— What is expected —
The listing below should be printed again word for word, without any images.

— Input data —

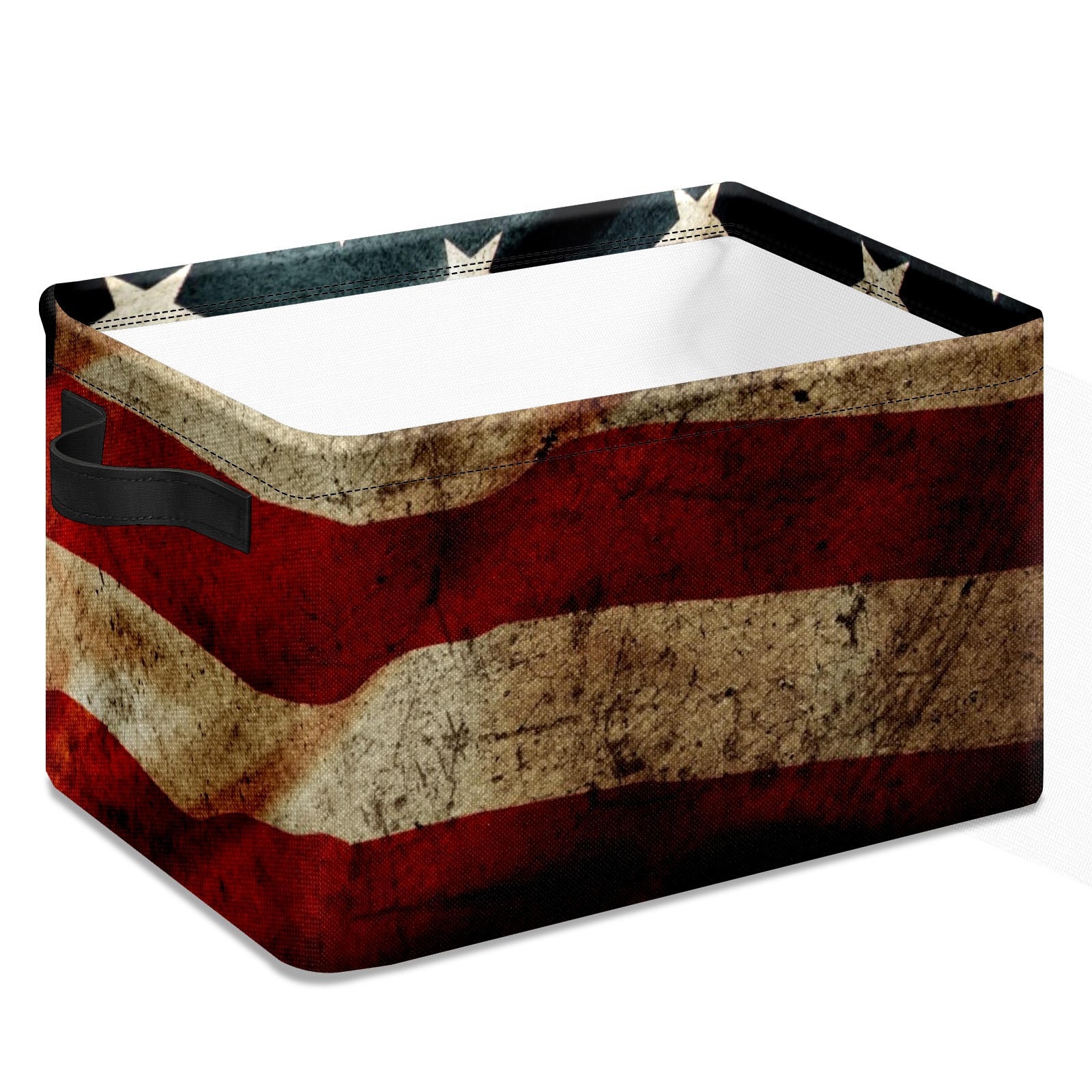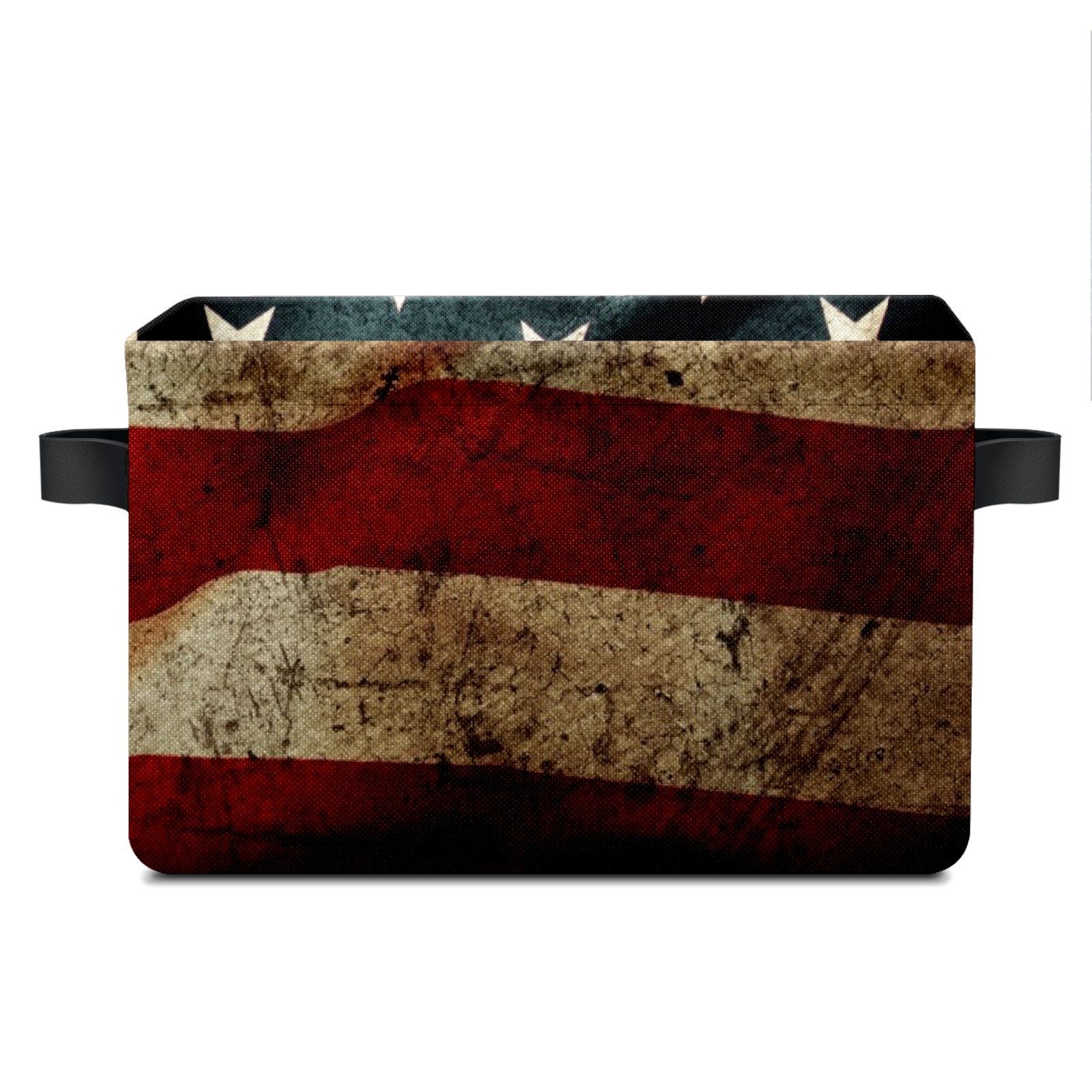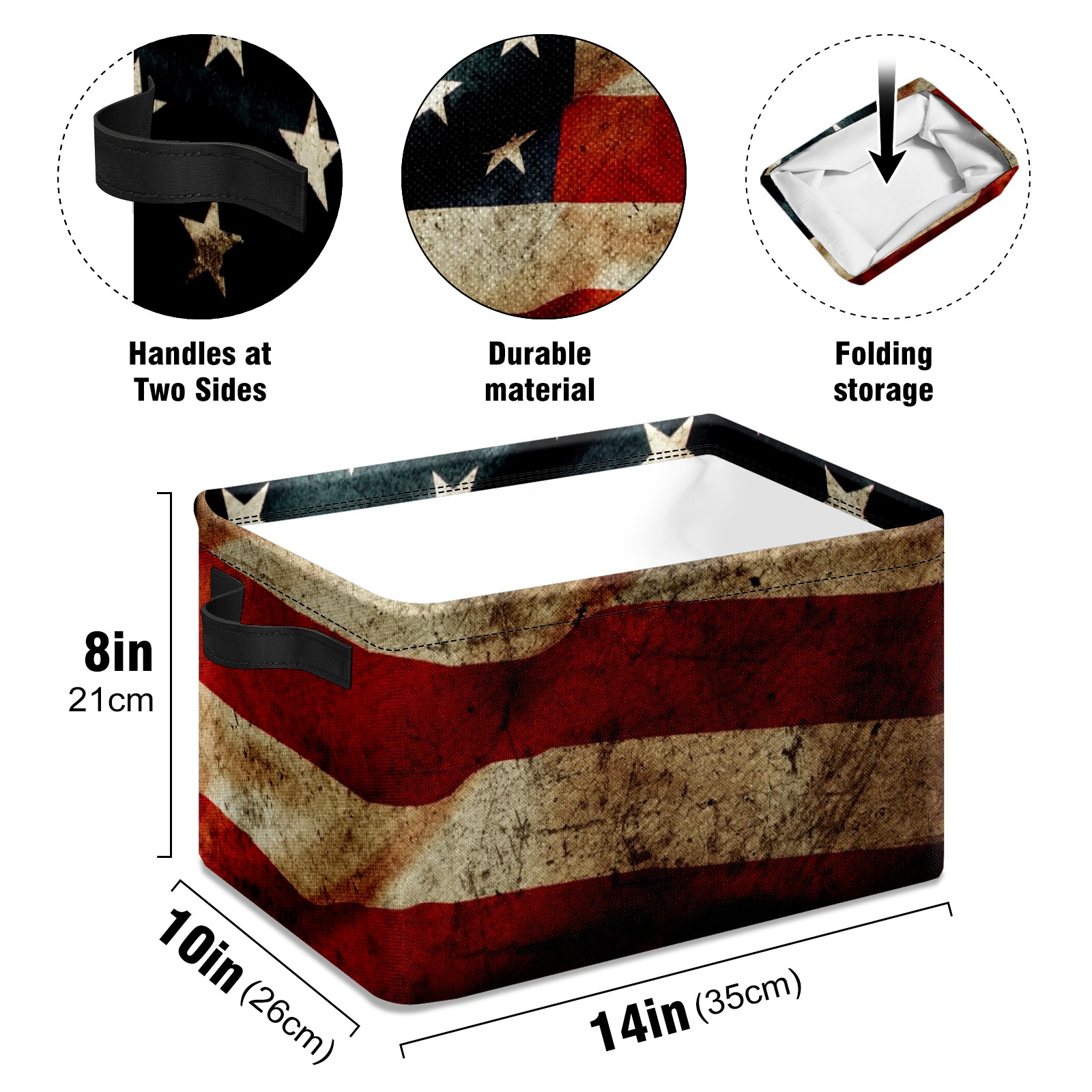 Collapsible 600D Oxford Storage Basket with American Flag Retro Grunge - Metal Frame 10"x14"x8" Reinforced Handles, Multi-Purpose Organizer
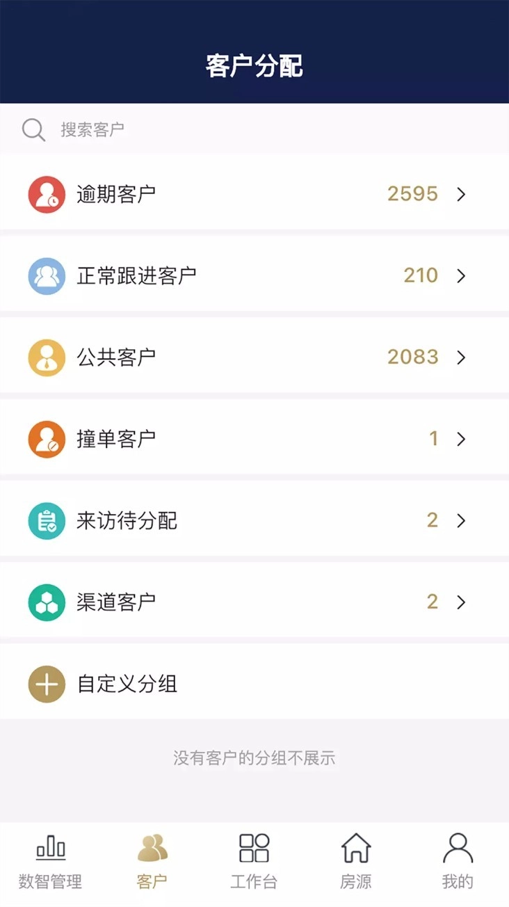 3. 点击底部菜单中的“客户”选项,进入客户管理页面后,能够查看客户分类与状态分组情况,并且可以对客户进行分配或跟进操作。
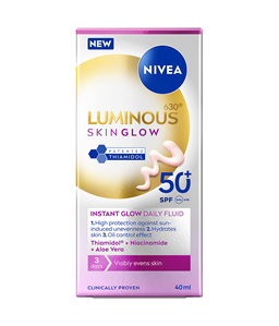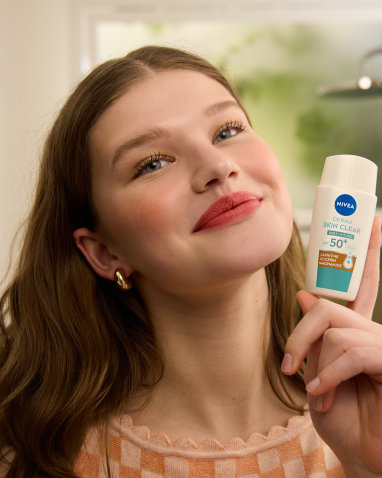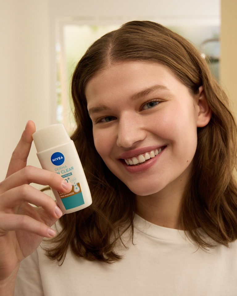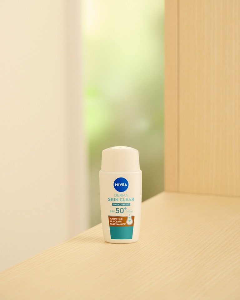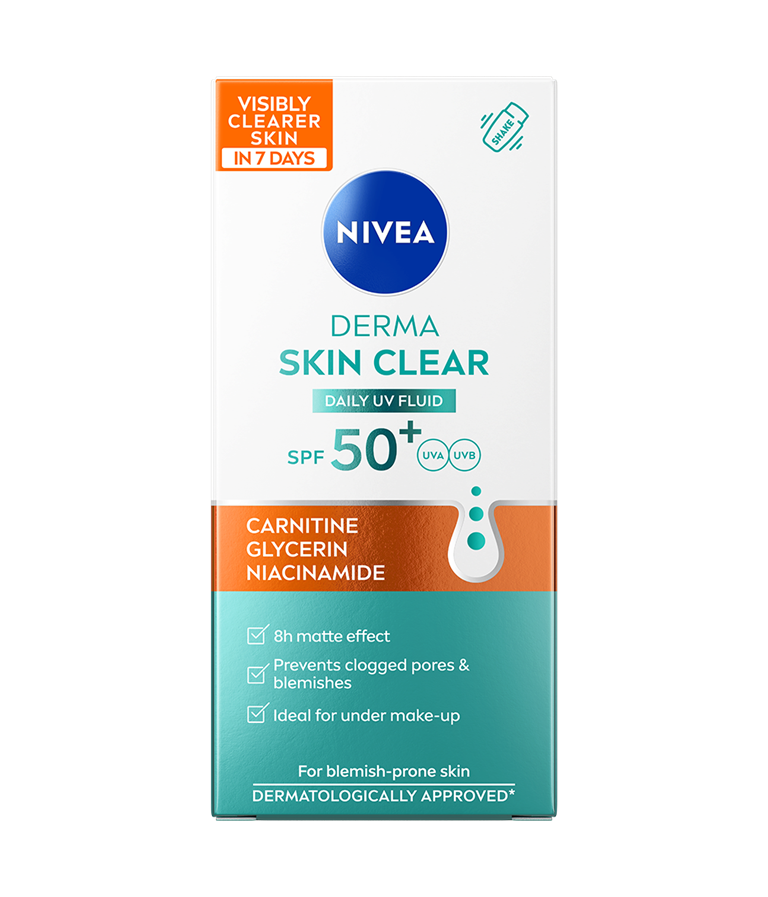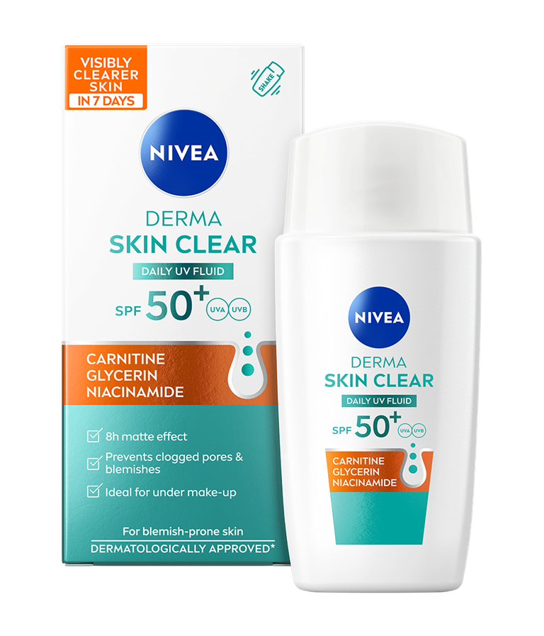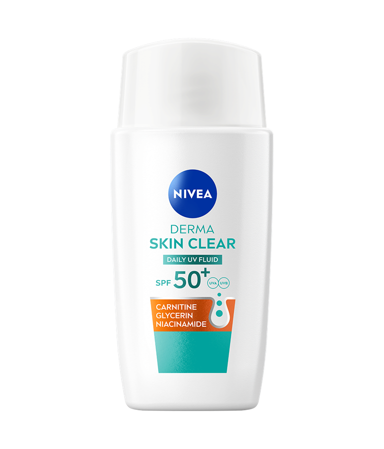 Dnevni UV fluid NIVEA Derma Skin Clear ZF 50+ s karnitinom, glicerinom in niacinamidom je posebej zasnovan za kožo, nagnjeno k nepravilnostim. Ponuja 8-urni mat učinek ter preprečuje mašenje por in nastanek nepravilnosti. Idealen je kot podlaga za ličila.

— Answer space —
 Collapsible 600D Oxford Storage Basket with American Flag Retro Grunge - Metal Frame 10"x14"x8" Reinforced Handles, Multi-Purpose Organizer
 3. 点击底部菜单中的“客户”选项,进入客户管理页面后,能够查看客户分类与状态分组情况,并且可以对客户进行分配或跟进操作。
 Dnevni UV fluid NIVEA Derma Skin Clear ZF 50+ s karnitinom, glicerinom in niacinamidom je posebej zasnovan za kožo, nagnjeno k nepravilnostim. Ponuja 8-urni mat učinek ter preprečuje mašenje por in nastanek nepravilnosti. Idealen je kot podlaga za ličila.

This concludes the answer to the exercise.